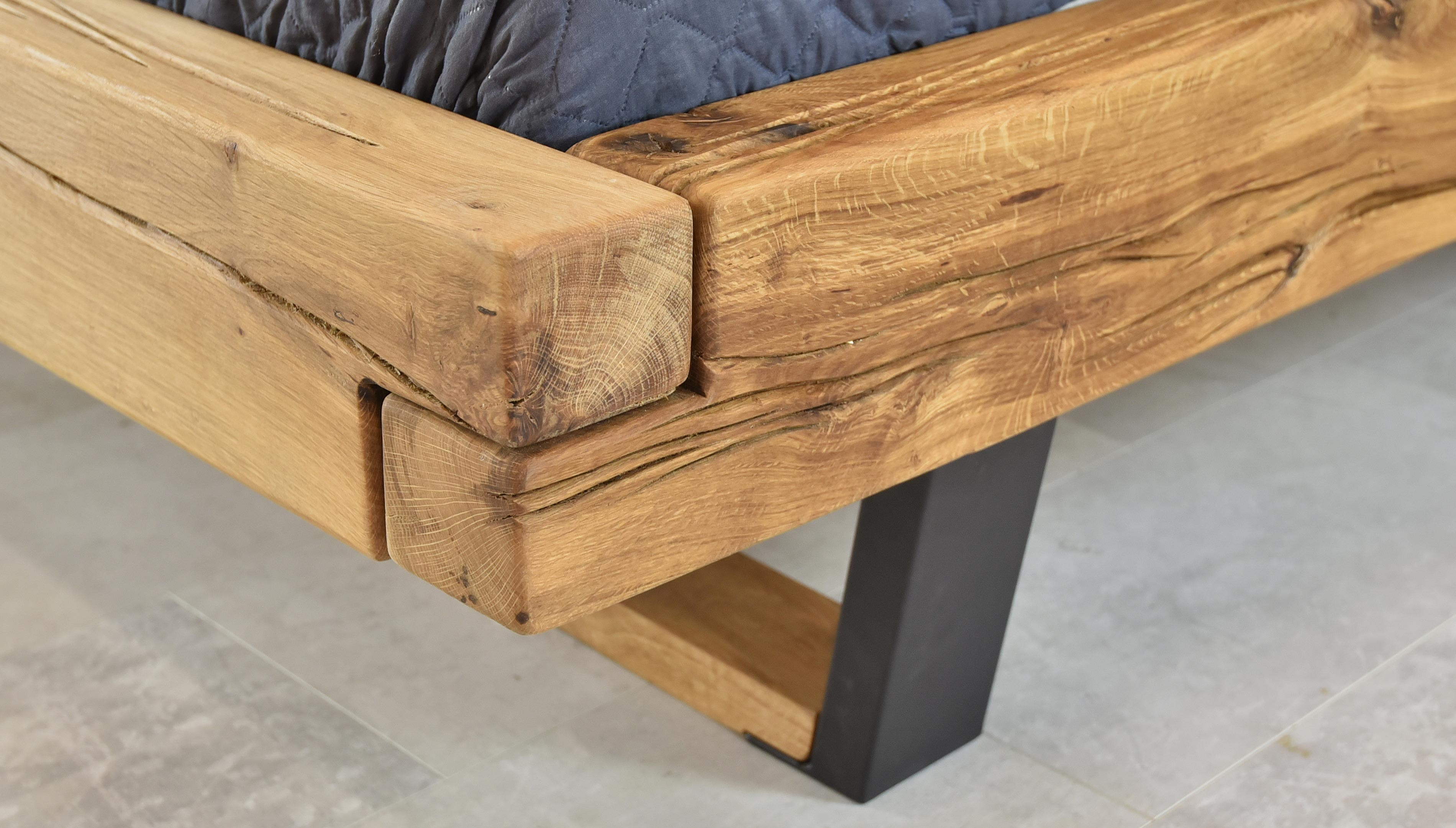 Die Konstruktion des Bettrahmens ist besonders stabil und langlebig. Das Holz ist mit natürlichem Öl behandelt, was die Oberfläche schützt und die natürliche Maserung hervorhebt. Jedes Bett ist ein Unikat, da künstliche Risse dem Holz eine authentische Optik verleihen. Das Bett wird zerlegt geliefert und ist einfach zu montieren. Es lässt sich hervorragend mit anderen Eichenmöbeln kombinieren. Der Rahmen kann mit jedem beliebigen Lattenrost verwendet werden, der separat erhältlich ist.
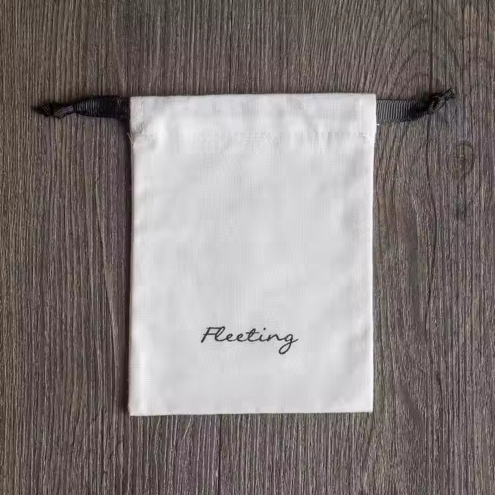 Custom logo Cotton Canvas Fabric Muslin Drawstring Bag with Printed Canvas Drawstring Bag Dust Gift Earing Ring Jewelry Bag
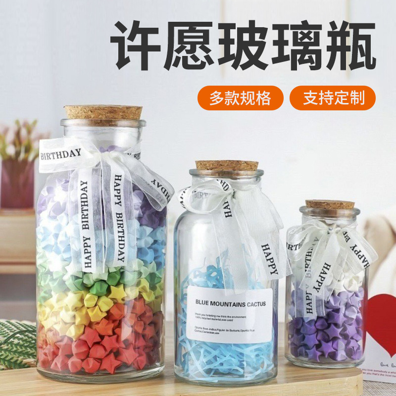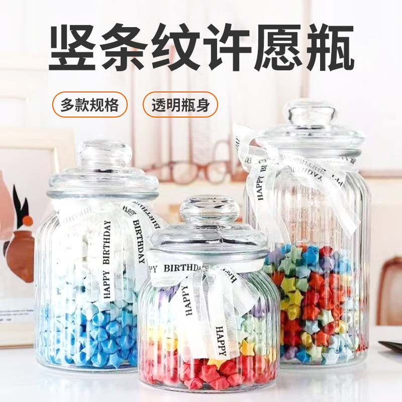 縦縞蓋付き許瓶透明ガラス缶密封缶星折り紙瓶家庭装飾瓶多規格
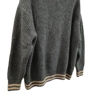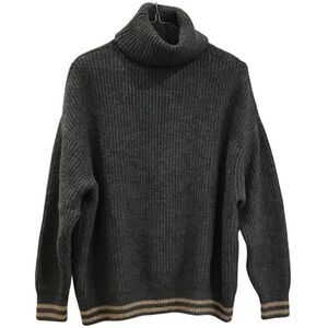 Beautiful soft and cozy, oversized pre-owned gray pullover turtleneck sweater with camel stripes around wrist and waistband. Has been professionally dry cleaned. Approximate measurements: Chest 50”, Length 26”. Acrylic 65%, Nylon 15%, Polyester 13%, Wool 4%, Elastane 3%.
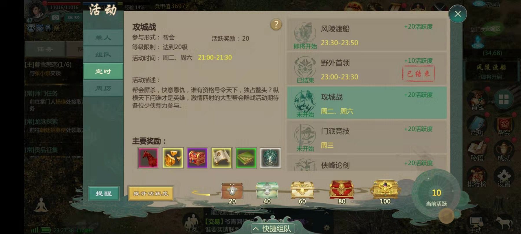 攻城战是限时活动,需要加入帮会之后,以帮会的形式参加,在每周的周二,周六才会开启,开始时间是21.00到21.30.在战斗开启之后,参加保命的帮会可以进入战斗,每一个帮会都仅仅可以占据一个领地。在开战前需要先找好本帮宣战的地方,然后战斗开始直接去打就可以了。
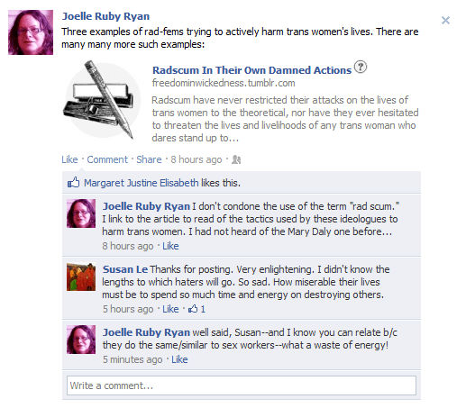 Radscum have never restricted their attacks on the lives of trans women to the theoretical, nor have they ever hesitated to threaten the lives and livelihoods of any trans woman who dares stand up to them.

** Instructions to follow **
A word-for-word copy of all the records above is required, with the pictures left out.

** Reply **
 Die Konstruktion des Bettrahmens ist besonders stabil und langlebig. Das Holz ist mit natürlichem Öl behandelt, was die Oberfläche schützt und die natürliche Maserung hervorhebt. Jedes Bett ist ein Unikat, da künstliche Risse dem Holz eine authentische Optik verleihen. Das Bett wird zerlegt geliefert und ist einfach zu montieren. Es lässt sich hervorragend mit anderen Eichenmöbeln kombinieren. Der Rahmen kann mit jedem beliebigen Lattenrost verwendet werden, der separat erhältlich ist.
 Custom logo Cotton Canvas Fabric Muslin Drawstring Bag with Printed Canvas Drawstring Bag Dust Gift Earing Ring Jewelry Bag
 縦縞蓋付き許瓶透明ガラス缶密封缶星折り紙瓶家庭装飾瓶多規格
 Beautiful soft and cozy, oversized pre-owned gray pullover turtleneck sweater with camel stripes around wrist and waistband. Has been professionally dry cleaned. Approximate measurements: Chest 50”, Length 26”. Acrylic 65%, Nylon 15%, Polyester 13%, Wool 4%, Elastane 3%.
 攻城战是限时活动,需要加入帮会之后,以帮会的形式参加,在每周的周二,周六才会开启,开始时间是21.00到21.30.在战斗开启之后,参加保命的帮会可以进入战斗,每一个帮会都仅仅可以占据一个领地。在开战前需要先找好本帮宣战的地方,然后战斗开始直接去打就可以了。
 Radscum have never restricted their attacks on the lives of trans women to the theoretical, nor have they ever hesitated to threaten the lives and livelihoods of any trans woman who dares stand up to them.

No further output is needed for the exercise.